(WORK INSTRUCTION):
With the pictures left out, print exactly the lines below that run from the one containing "奇门遁甲是古老的术数,是三式" through the one containing "WÜRTTEMBERG: Karl I, 1864-1891, AR".
————
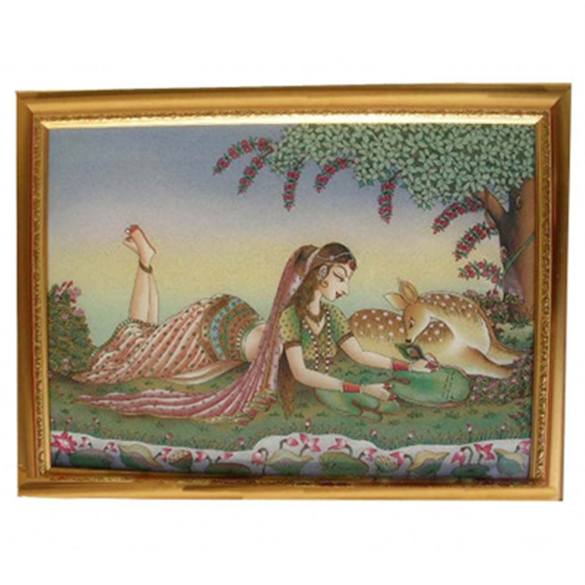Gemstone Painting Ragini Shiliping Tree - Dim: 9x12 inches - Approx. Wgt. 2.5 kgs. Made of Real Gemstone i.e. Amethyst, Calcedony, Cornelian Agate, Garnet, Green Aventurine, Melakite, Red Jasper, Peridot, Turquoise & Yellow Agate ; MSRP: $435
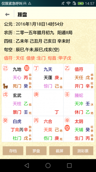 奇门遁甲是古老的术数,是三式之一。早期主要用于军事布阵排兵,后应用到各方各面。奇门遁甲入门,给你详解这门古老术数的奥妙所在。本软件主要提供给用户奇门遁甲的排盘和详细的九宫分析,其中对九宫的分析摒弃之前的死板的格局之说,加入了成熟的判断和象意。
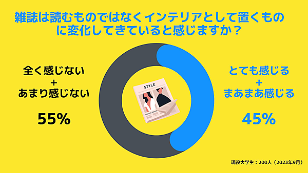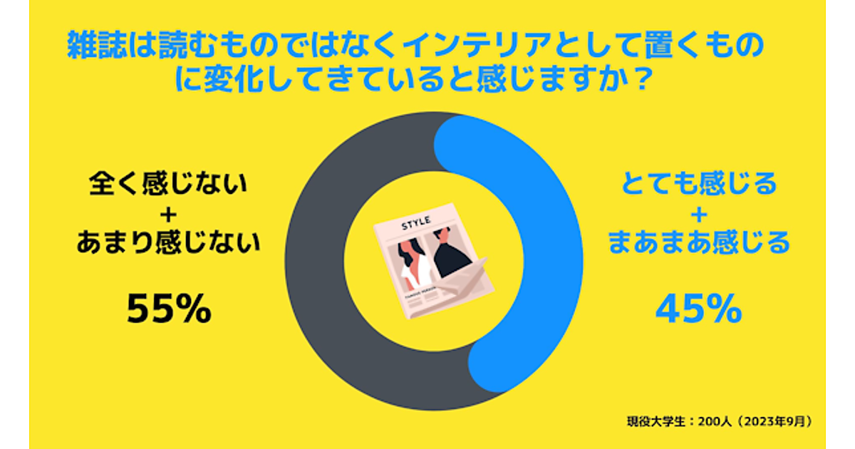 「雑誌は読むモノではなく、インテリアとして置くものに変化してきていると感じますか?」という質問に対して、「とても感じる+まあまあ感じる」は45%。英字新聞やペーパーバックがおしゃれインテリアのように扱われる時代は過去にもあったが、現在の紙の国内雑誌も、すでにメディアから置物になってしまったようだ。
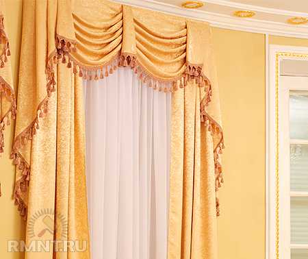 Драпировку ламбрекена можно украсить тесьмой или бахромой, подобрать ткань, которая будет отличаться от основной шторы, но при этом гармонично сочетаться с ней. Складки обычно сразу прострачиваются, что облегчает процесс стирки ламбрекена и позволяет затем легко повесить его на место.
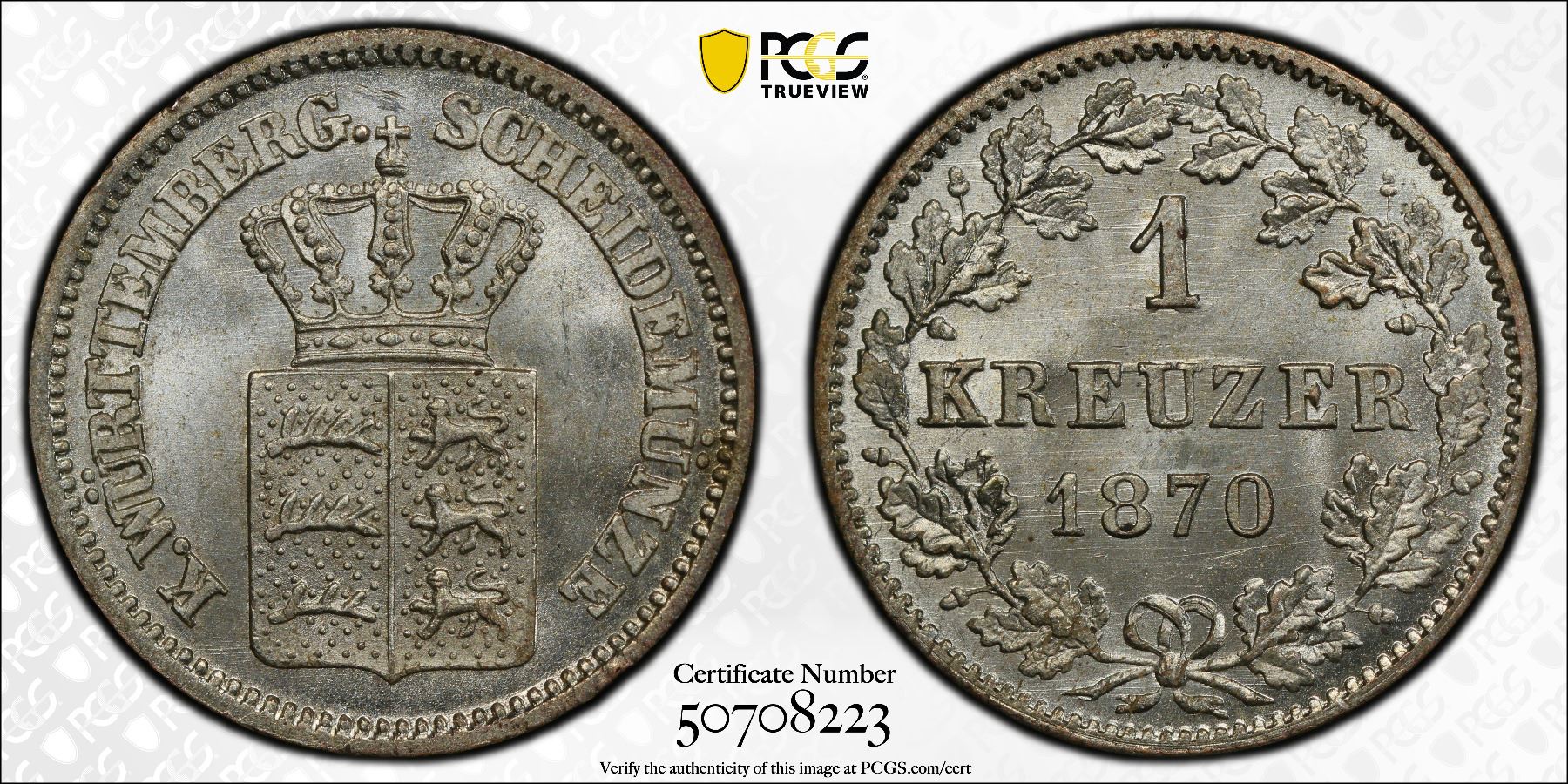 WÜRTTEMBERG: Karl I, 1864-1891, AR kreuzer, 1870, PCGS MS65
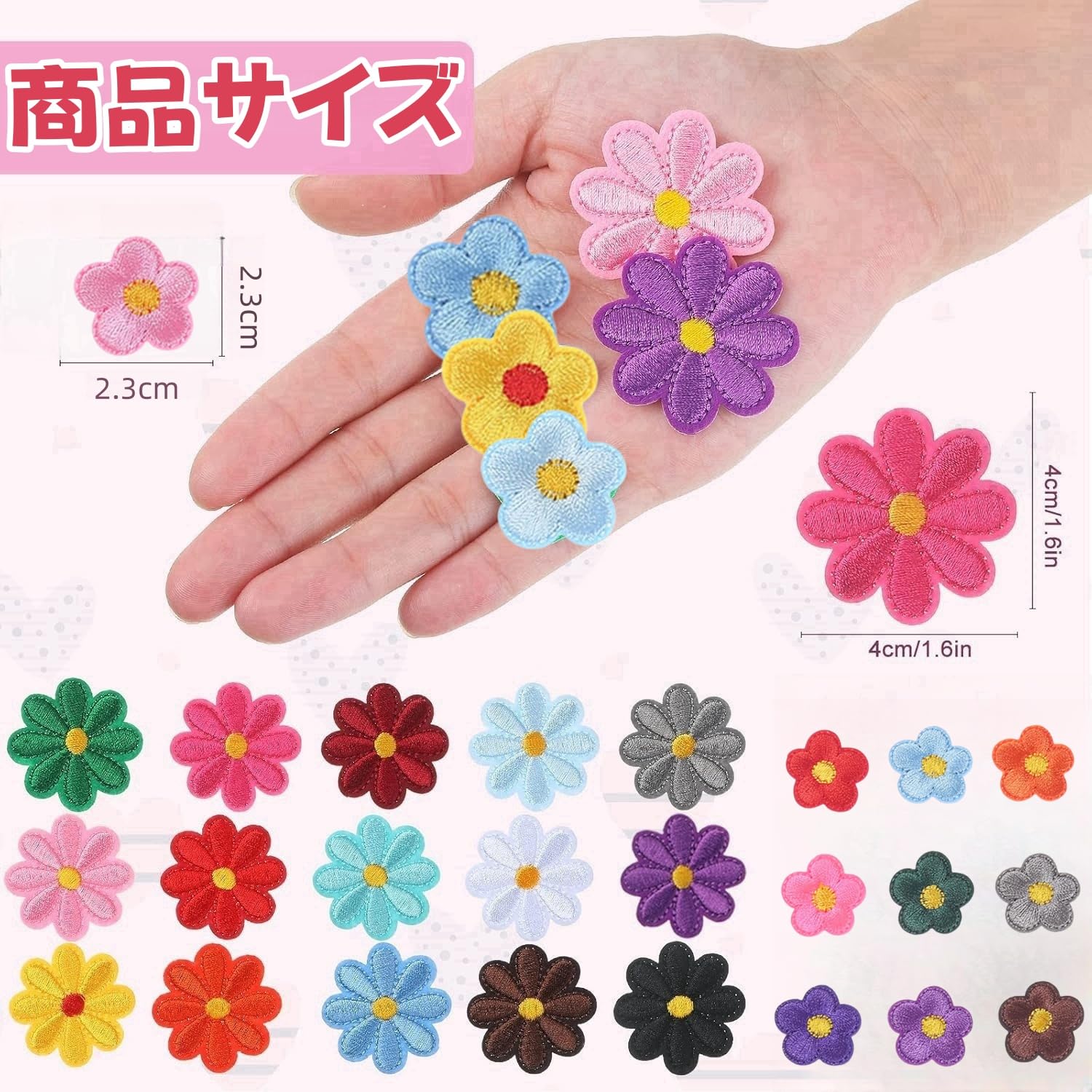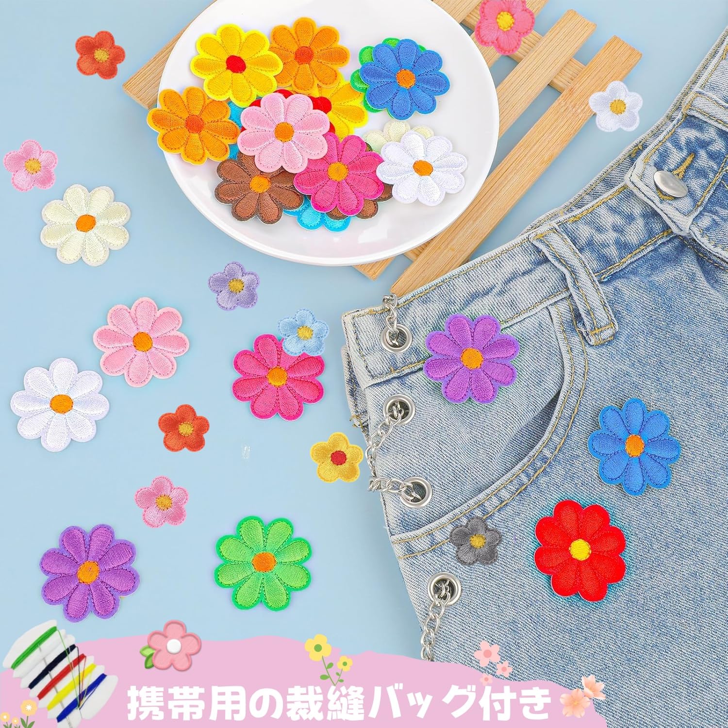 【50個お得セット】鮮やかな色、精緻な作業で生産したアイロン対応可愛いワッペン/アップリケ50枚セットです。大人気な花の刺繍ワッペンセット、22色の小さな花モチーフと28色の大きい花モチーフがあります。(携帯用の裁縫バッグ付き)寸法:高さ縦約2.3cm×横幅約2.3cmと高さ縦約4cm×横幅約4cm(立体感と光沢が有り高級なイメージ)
————
(ANSWER TO THE PROBLEM):
 奇门遁甲是古老的术数,是三式之一。早期主要用于军事布阵排兵,后应用到各方各面。奇门遁甲入门,给你详解这门古老术数的奥妙所在。本软件主要提供给用户奇门遁甲的排盘和详细的九宫分析,其中对九宫的分析摒弃之前的死板的格局之说,加入了成熟的判断和象意。
 「雑誌は読むモノではなく、インテリアとして置くものに変化してきていると感じますか?」という質問に対して、「とても感じる+まあまあ感じる」は45%。英字新聞やペーパーバックがおしゃれインテリアのように扱われる時代は過去にもあったが、現在の紙の国内雑誌も、すでにメディアから置物になってしまったようだ。
 Драпировку ламбрекена можно украсить тесьмой или бахромой, подобрать ткань, которая будет отличаться от основной шторы, но при этом гармонично сочетаться с ней. Складки обычно сразу прострачиваются, что облегчает процесс стирки ламбрекена и позволяет затем легко повесить его на место.
 WÜRTTEMBERG: Karl I, 1864-1891, AR kreuzer, 1870, PCGS MS65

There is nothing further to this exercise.